Don Chipp resigned from the Senate on 18 August 1986, being succeeded as party leader by Janine Haines and replaced as a senator for Victoria by Janet Powell.

At the 1987 election following a double dissolution, the reduced quota of 7.7% necessary to win a seat assisted the election of three new senators. Six-year terms were won by Paul McLean (NSW) and incumbents Janine Haines (South Australia) and Janet Powell (Victoria). In South Australia, a second senator, John Coulter, was elected for a three-year term, as were incumbent Michael Macklin (Queensland) and Jean Jenkins (Western Australia).

1990 saw the voluntary departure from the Senate of Janine Haines (a step with which not all Democrats agreed) and the failure of her strategic goal of winning the House of Representatives seat of Kingston. The casual vacancy was filled by Meg Lees several months before the election of Cheryl Kernot in place of retired deputy leader Michael Macklin. The ambitious Kernot immediately contested the party's national parliamentary deputy leadership. Being unemployed at the time, she requested and obtained party funds to pay for her travel to address members in all seven divisions. In the event, Victorian Janet Powell was elected as leader and John Coulter was chosen as deputy leader.

===1990–1993: Janet Powell and John Coulter===
Despite the loss of Haines and the WA Senate seat (through an inconsistent national preference agreement with the ALP), the 1990 federal election heralded something of a rebirth for the party, with a dramatic rise in primary vote. This was at the same time as an economic recession was building, and events such as the Gulf War in Kuwait were beginning to shepherd issues of globalisation and transnational trade on to national government agendas.
The Australian Democrats had a long-standing policy to oppose war and so opposed Australia's support of, and participation in, the Gulf War. Whereas the House of Representatives was able to avoid any debate about the war and Australia's participation, (Note: The sole independent member in the House, Ted Mack, was unable to launch his critical motion for lack of a seconder.) the Democrats took full advantage of the opportunity to move for a debate in the Senate.

Because of the party's pacifist-based opposition to the Gulf War, there was mass-media antipathy and negative publicity which some construed as poor media performance by Janet Powell, the party's standing having stalled at about 10%. Before 12 months of her leadership had passed, the South Australian and Queensland divisions were circulating the party's first-ever petition to criticise and oust the parliamentary leader. The explicit grounds related to Powell's alleged responsibility for poor AD ratings in Gallup and other media surveys of potential voting support. When this charge was deemed insufficient, interested party officers and senators reinforced it with negative media 'leaks' concerning her openly established relationship with Sid Spindler and exposure of administrative failings resulting in excessive overtime to a staff member. With National Executive blessing, the party room pre-empted the ballot by replacing the leader with deputy John Coulter. In the process, severe internal divisions were generated. One major collateral casualty was the party whip Paul McLean who resigned and quit the Senate in disgust at what he perceived as in-fighting between close friends. The casual NSW vacancy created by his resignation was filled by Karin Sowada. Powell duly left the party, along with many leading figures of the Victorian branch of the party, and unsuccessfully stood as an Independent candidate when her term expired. In later years, she campaigned for the Australian Greens.

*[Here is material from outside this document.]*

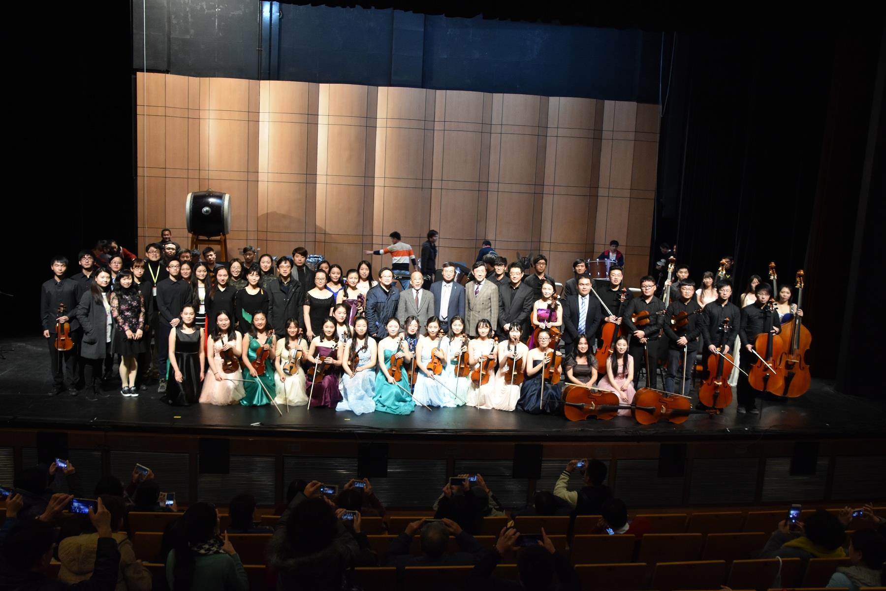 在艺术课堂下半场,大剧院的舞台变成了beat365英国官方网站音乐学院师生的音乐会主场。承袭beat365英国官方网站2017年交响电影新年音乐会的主题,beat365英国官方网站打击乐团带来电影《爱国者》的插曲《战争诗篇》,以节奏明快的描写战争场面的打击乐旋律拉开整个音乐会的序幕,由beat365英国官方网站音乐学院高一鸣老师原创的为马头琴、呼麦、弦乐及长笛、打击乐而作的曲目《纳伦多伦斯道》在beat365英国官方网站校内首演就博得满堂彩,高一鸣老师介绍了作品的创作背景、初衷以及作品特色,《纳伦多伦斯道》取自蒙语“给太阳的歌”,这首作品特别邀请了内蒙古艺术学院的学生塔米尔担任呼麦和马头琴的演奏,此曲的一大亮点是运用了理发店的剃头机器来模拟草原上奇异昆虫嗡嗡作响之声,精妙之处令人称奇,浓郁蒙古特色的呼麦和马头琴的旋律优美动人、气息宽阔、感情深沉,充满了浓郁的草原气息。由著名旅美小提琴家、beat365英国官方网站音乐学院副院长夏小曹教授与音乐学院胡君老师共同演奏的肖斯塔科维奇的《前奏曲》、《加沃特舞曲》、《华尔兹》温柔华丽、委婉动人,堪称完美。马林巴与弦乐团合作演奏作品《巴西舞曲》热情奔放、节奏鲜明、旋律欢快,再现节日的欢乐气氛。由夏小曹教授与beat365英国官方网站音乐学院双簧管海归博士唐晓斌共同演奏的巴赫《D小调二重协奏曲》演奏技巧颇高、富于变化、旋律优美,而整个beat365英国官方网站弦乐团的华丽登场更是让所有观众眼前一亮,随后乐团演奏的选自经典电影《教父》主题曲《温柔倾诉》,缠绵温婉的旋律向人们低诉着年轻教父的痛苦和迷茫,辛酸和无可奈何……。

===1993–1997: Cheryl Kernot===

The party's parliamentary influence was weakened in 1996 after the Howard government was elected, and a Labor senator, Mal Colston, resigned from the Labor Party. Since the Democrats now shared the parliamentary balance of power with two Independent senators, the Coalition government was able on occasion to pass legislation by negotiating with Colston and Brian Harradine.

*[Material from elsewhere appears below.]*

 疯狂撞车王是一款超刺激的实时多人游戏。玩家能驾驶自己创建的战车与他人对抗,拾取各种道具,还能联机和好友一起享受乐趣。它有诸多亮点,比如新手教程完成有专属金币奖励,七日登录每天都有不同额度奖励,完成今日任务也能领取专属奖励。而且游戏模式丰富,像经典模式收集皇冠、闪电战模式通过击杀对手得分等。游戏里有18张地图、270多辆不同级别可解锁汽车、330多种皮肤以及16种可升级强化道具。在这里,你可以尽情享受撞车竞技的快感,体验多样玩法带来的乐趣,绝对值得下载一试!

In October 1997, party leader Cheryl Kernot resigned, announcing that she would be joining the Australian Labor Party. (Five years later it was revealed that she had been in a sexual relationship with Labor deputy leader Gareth Evans). Kernot resigned from the Senate and was replaced by Andrew Bartlett, while deputy Meg Lees became the new party leader.

===1997–2004: Meg Lees, Natasha Stott Despoja and Andrew Bartlett===
Under Lees' leadership, in the 1998 federal election, the Democrats' candidate John Schumann came within 2 per cent of taking Liberal Foreign Minister Alexander Downer's seat of Mayo in the Adelaide Hills under Australia's preferential voting system. The party's representation increased to nine senators, and they regained the balance of power, holding it until the Coalition gained a Senate majority at the 2004 election.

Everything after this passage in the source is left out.